### [YOUR TASK]
All lines from the one with "Use of locally" to the end of the data: return those exactly, and only those.

<<<<

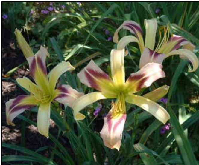
H. 'Rainbow Spangles' (Temple 1983)
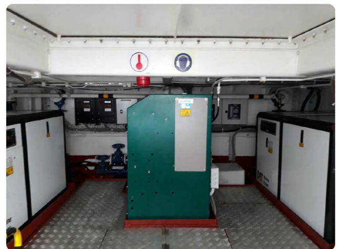
2 no. 28KVA generators and Dive Air Compressor
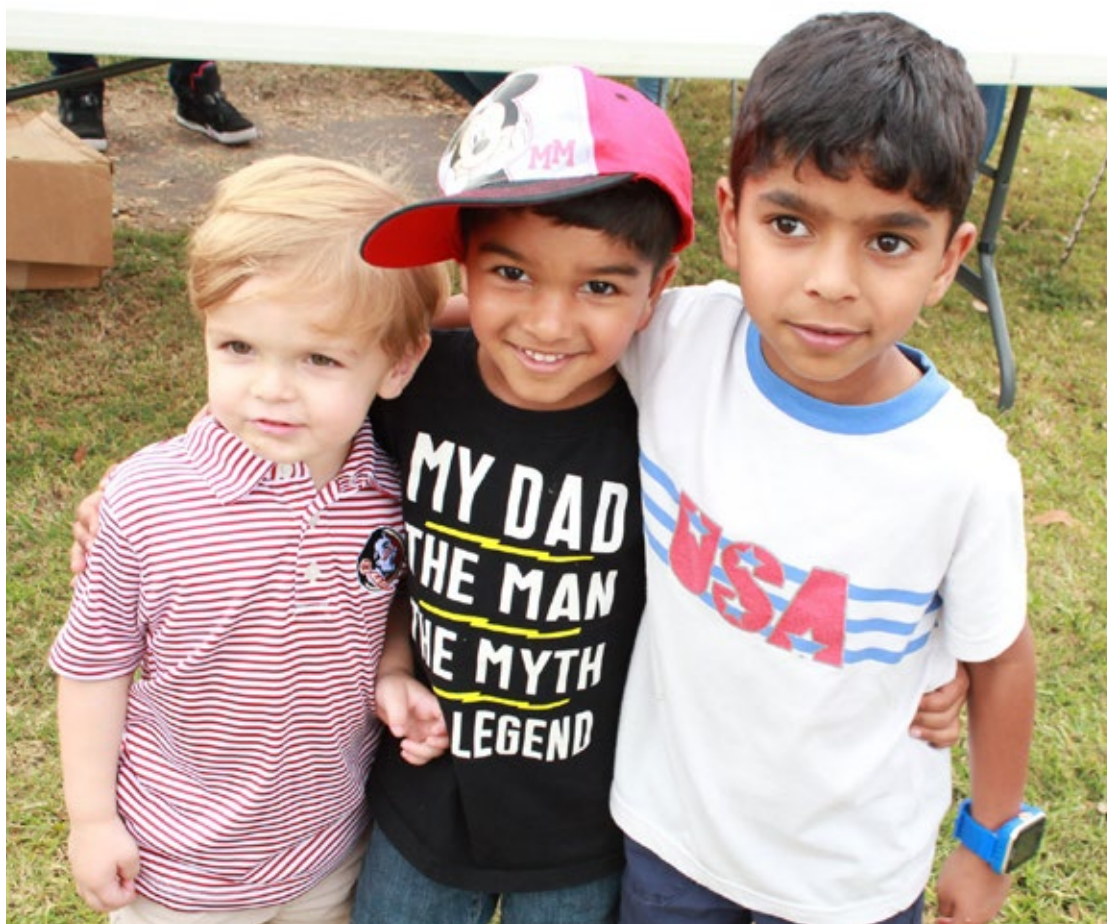
Day On Campus is fun for all ages
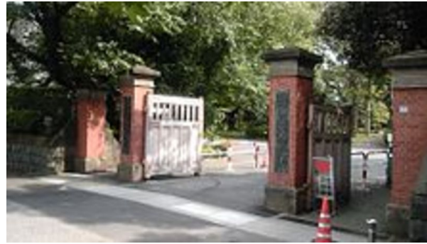
Fig. 9 - Entrance to Gakushūin

socialist” following his return to Japan. Yet, even if this were true, how might it help to explain a possible sympathy for the Nazis?
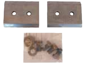
Chipper Blade Kit P/N: 76295-00 Model: CH450H
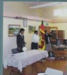
HOISTING THE NATIONAL FLAG
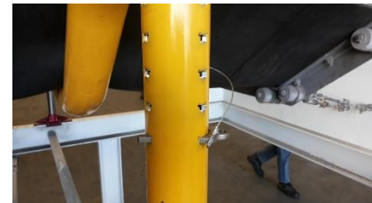
Lower lifter onto locking pin
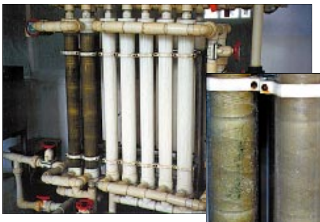
Use of locally manufactured materials presented an unexpected problem. Translucent plastic piping exposed to sunlight lead to heavy biofilm growth (green areas in two leftmost columns and inset) in a treatment system found in China.

Problems: Local drinking water supply contains unhealthy levels of natural and man-made contami-

>>>>

### [ANSWER BOX]
Use of locally manufactured materials presented an unexpected problem. Translucent plastic piping exposed to sunlight lead to heavy biofilm growth (green areas in two leftmost columns and inset) in a treatment system found in China.

Problems: Local drinking water supply contains unhealthy levels of natural and man-made contami-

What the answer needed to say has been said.